Throw some of these down there:
http://www.linksys.com/products/group.asp?grid=34&scid=32
http://h10010.www1.hp.com/wwpc/us/en/sm/WF02a/18972-236253-64302.html

I favor the JetDirects.  You can print to each printer by IP address.

>"Our infrastructure will consist of numerous branches with only a few users at each office.  Ultimately how can they refer back to our main branch here for all of their resources i.e. printers at their location?"

Hehe.. (sorry, this is too fun.)  You can use HP's JetAdmin to remotely configure the JetDirects.  All you need to do is get someone to plug them into power, the printer and the switch at that end.  You can manage the router and teh JetDirects remotely.
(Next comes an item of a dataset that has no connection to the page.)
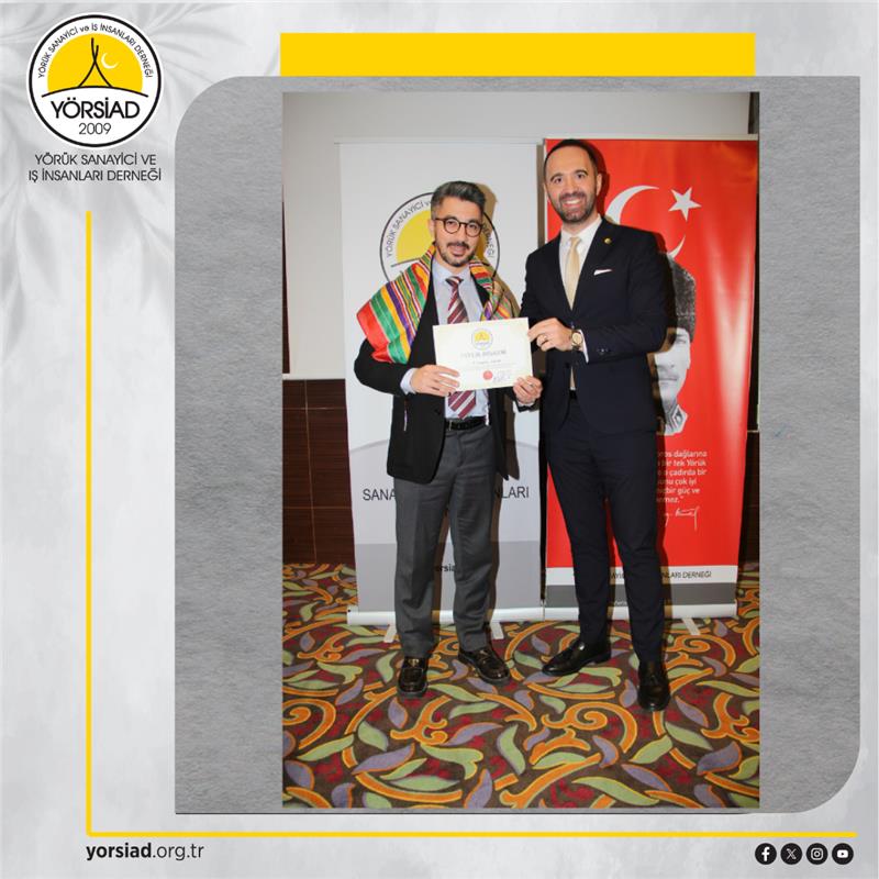 YÖRSİAD Şubat ayı Olağan Kahvaltılı Toplantımızın sonunda YÖRSİAD Başkanımız Sn. Av.M.Alper ORAL, Konuk Konuşmacımız Akademisyen, Yazar Sn. Prof. Dr. Emre ALKİN'e teşekkür plaketi ve Yörük keyfiyesi takdim etti.

>"Ultimately how can they refer back to our main branch here for all of their resources i.e. printers at their location?  Also, why wouldn't this person be able to see our Intranet anymore.  They can ping the address of the Intranet, but they can't ping the name of the Intranet."

How is your connection set up, is it a VPN tunnel?  I guess the key is how do you have DNS configured at the workstations at the other end?  The Default Gateway on each PC should be the router and the firts DNS server listed should be the DNS server at your main office.  
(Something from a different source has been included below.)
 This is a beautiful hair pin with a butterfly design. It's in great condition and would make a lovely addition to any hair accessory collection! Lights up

Need any clarification?  MSGeek.

Author

Commented:
Do the printers have to be HP in order to use HP's JetAdmin?  

DNS is configured on these workstations at the other by having our two external DNS addresses.  I have since learned they need to be the IP Address of our main DC.  A lot of users have laptops, so they connect here and at home.  How can DNS be set up to dynamically use our IP address of the main DC and then use whatever means necessary at home dynamically.

Commented:
>"Do the printers have to be HP in order to use HP's JetAdmin? "

Not at all.

>"How can DNS be set up to dynamically use our IP address of the main DC and then use whatever means necessary at home dynamically"

Set your DNS as primary in DHCP and oustide DNS servers as secondaries.